QuadSync: Quadrifocal Tensor Synchronization via Tucker Decomposition¶
Conference: CVPR 2026
arXiv: 2602.22639
Code: None
Area: 3D Vision
Keywords: Quadrifocal Tensor, Tucker Decomposition, Structure from Motion, Global Synchronization, Multi-view Geometry
TL;DR¶
Ours proposes QuadSync, the first global synchronization algorithm for quadrifocal tensors. By constructing a block quadrifocal tensor and proving it admits a Tucker decomposition with multilinear rank \((4,4,4,4)\), the method utilizes an ADMM-IRLS optimization framework to recover camera poses from four-view measurements. It achieves superior synchronization accuracy compared to two-view and three-view methods in dense-view scenarios.
Background & Motivation¶
Background¶
Structure from Motion (SfM) is a core task in 3D computer vision.
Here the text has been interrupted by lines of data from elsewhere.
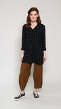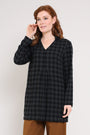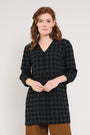 A modern seersucker check combined with three quarter sleeves and a subtle open collar V neck to create a stylish and comfortable tunic that looks great paired with our bamboo tights or organic cotton leggings.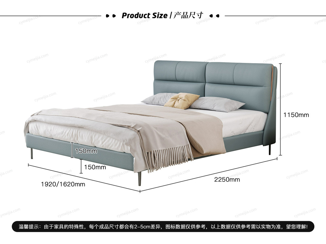 | 适配床垫 : | 长2000*宽1500*高220-240mm |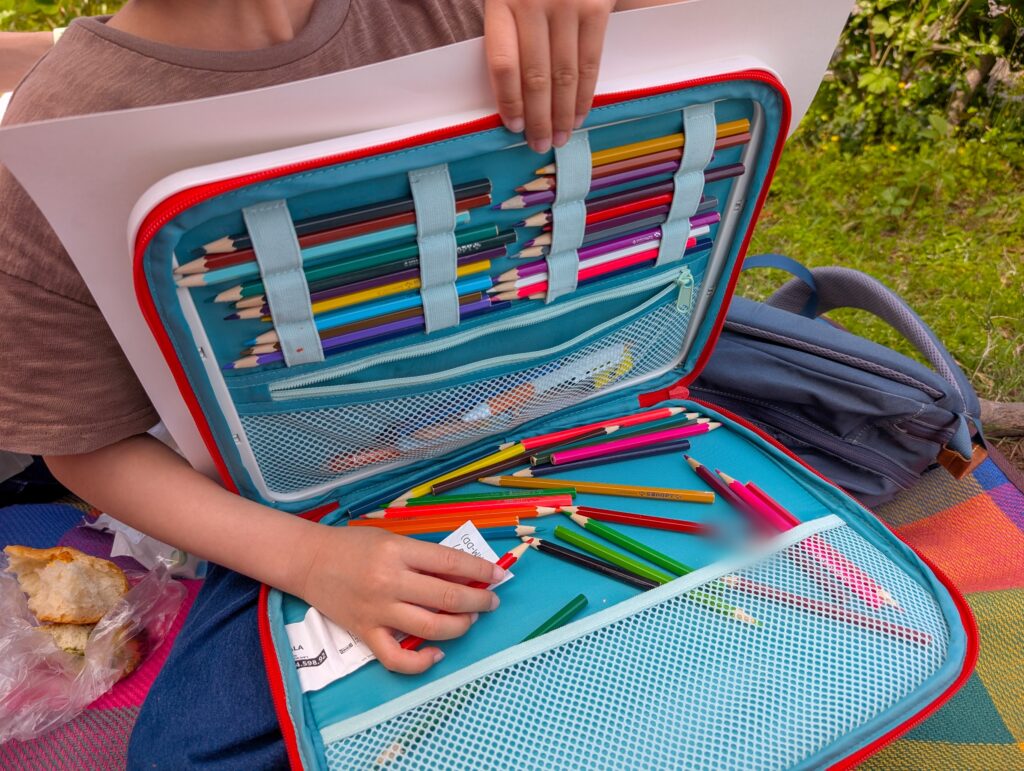 ▼長年愛用中のIKEAのお絵かきケースに雑に50色の色鉛筆を詰め込み持ってきていた息子。この日も大活躍!(ちょっと画用紙のサイズのほうが大きすぎたが)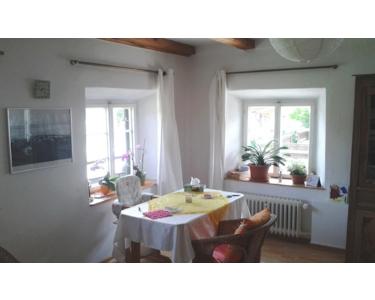 - Sie befindet sich im 1. Obergeschoss eines ehemaligen, umgebauten Bauernhauses.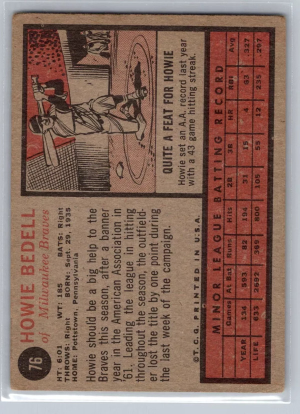 Vintage 1962 Topps Baseball - #76 Howie Bedell - Braves - VG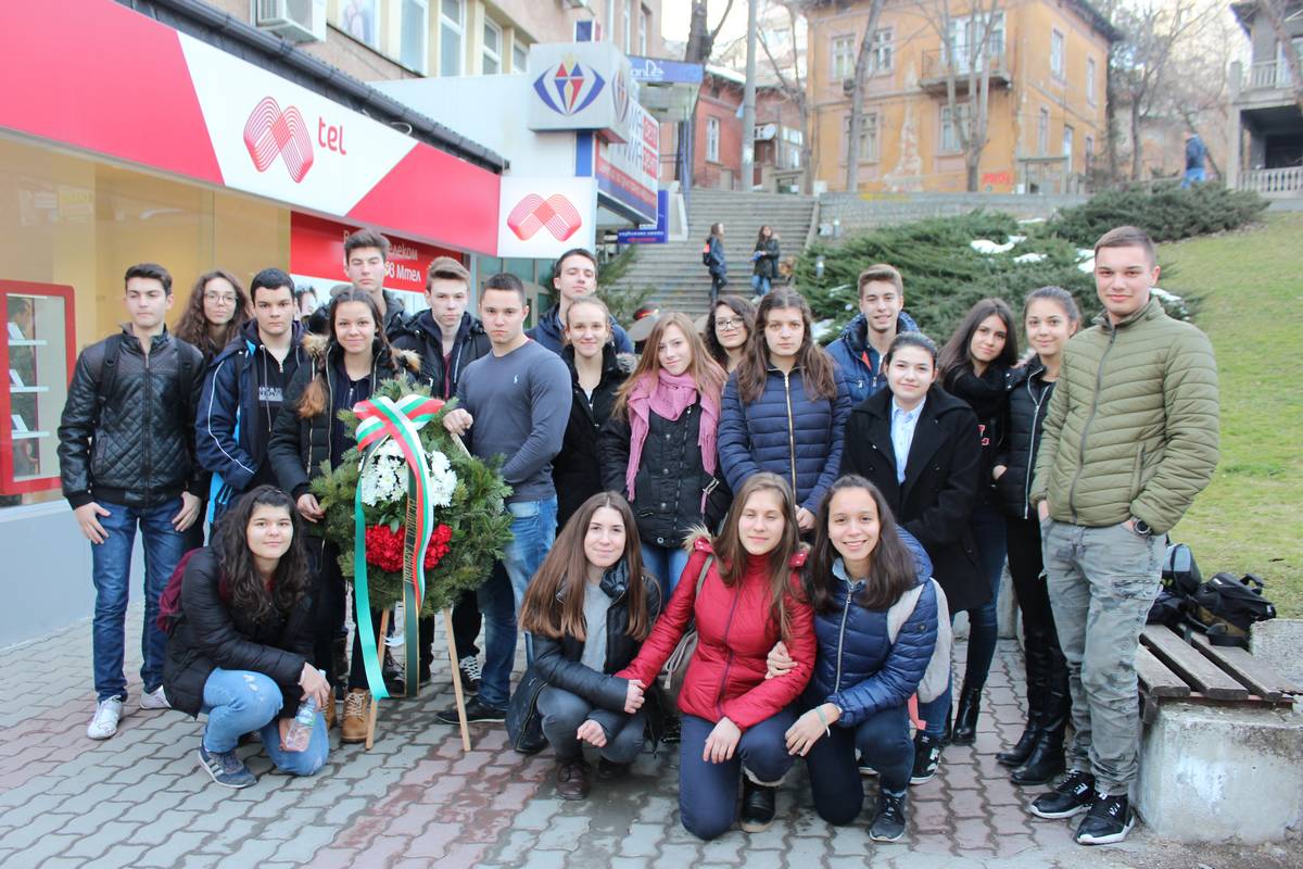 Като истински патриоти пред паметта на Левски се поклониха и десетокласници от ПМГ. По своя инициатива учениците от 10 “г” клас с “Информационни технологии” и класен ръководител Даниела Тодорова са събрали пари за венец, който поднесоха по време на общоградския помен за годишнината от обесването на Апостола. Гимназистите споделиха, че няма българин, който да не знае името на Дякона и не трепне, когато се говори за великите му постъпки.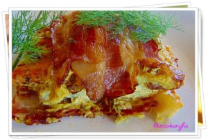 200 fokos sütőbe teszem, és alsó-felső sütésen kb. 40 percig sütjük. Ezután leveszem a tetejét, és további 10-15 perc alatt készre sütöm.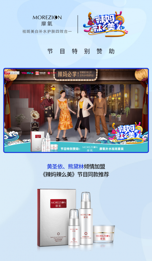 全明星的豪华阵容+优质的节目内容+顶级播放平台,一经开播就已经就引发了全民祛斑热潮,摩氧作为一款堪称超高性价比的祛斑套装,不仅获得了明星辣妈们一致好评,而且被很多女性在各大社交网站平台分享分享、种草,摩氧品牌好评如潮,畅销20年深受消费者青睐,也又一次彰显了摩氧的品牌实力。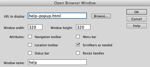 Browse to the path or URL of the page you plan to pop and enter in the size you'd like this window to appear. Give it a name—again, a good habit—which will also make it possible to easily target this window with other links if you choose.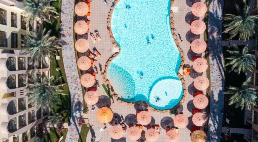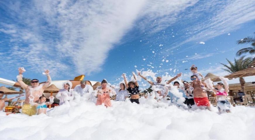 Аквапарк с 4 пързалки за възрастни и 6 пързалки за деца, плажен волейбол, водни спортове, аква център, център за гмуркане, шах, дартс, билярд, тенис на маса, многофункционално игрище.Напълно оборудван детски клуб и детска площадка, включително частен плувен басейн. Предоставят се безплатно чадъри и шезлонги.
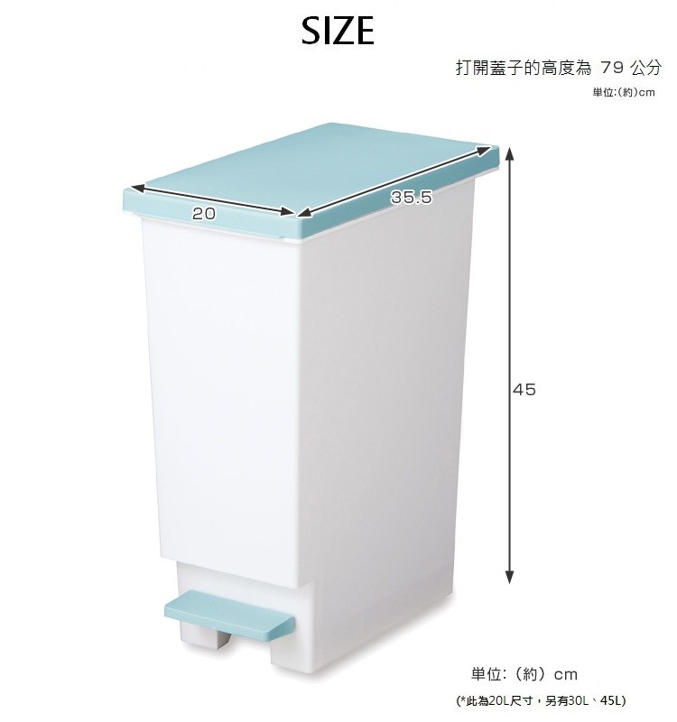 【this-this】滑蓋式垃圾桶 20L-水藍色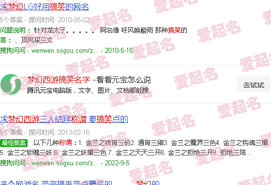 关于《梦幻西游搞笑名字》内容。

Traditional SfM pipelines include feature detection, matching, relative pose estimation, synchronization, and reconstruction. Global synchronization methods avoid the error accumulation issues of incremental approaches by processing all cameras simultaneously. Existing global methods are primarily based on two-view measurements (fundamental/essential matrices), with a few recent works based on trifocal tensors (e.g., TrifocalSync).
Limitations of Prior Work¶
- Limited Two-view Information: Fundamental/essential matrices only encode geometric relationships between two views, providing relatively weak constraints.
- Collinear Degeneracy: When camera centers are collinear, the rank of the multi-view fundamental matrix \(\mathcal{F}^n\) drops from 6 to 4, and the multilinear rank of the trifocal tensor also degenerates, causing pose recovery to fail.
- Underutilized Higher-order Information: Although quadrifocal tensors encode richer four-view geometry and contain both two-view and three-view information, they have long been considered to have "only theoretical significance and no practical value."
Key Challenge¶
Higher-order tensors (quadrifocal tensors) theoretically contain stronger geometric constraints, encoding complete relationships between four views and encompassing two-view and three-view information. However, an effective synchronization theoretical framework and practical algorithms have been lacking.
Goal¶
- Establish an algebraic constraint theory (low-rank decomposition structure) for block quadrifocal tensors.
- Globally recover camera poses from a set of quadrifocal tensors.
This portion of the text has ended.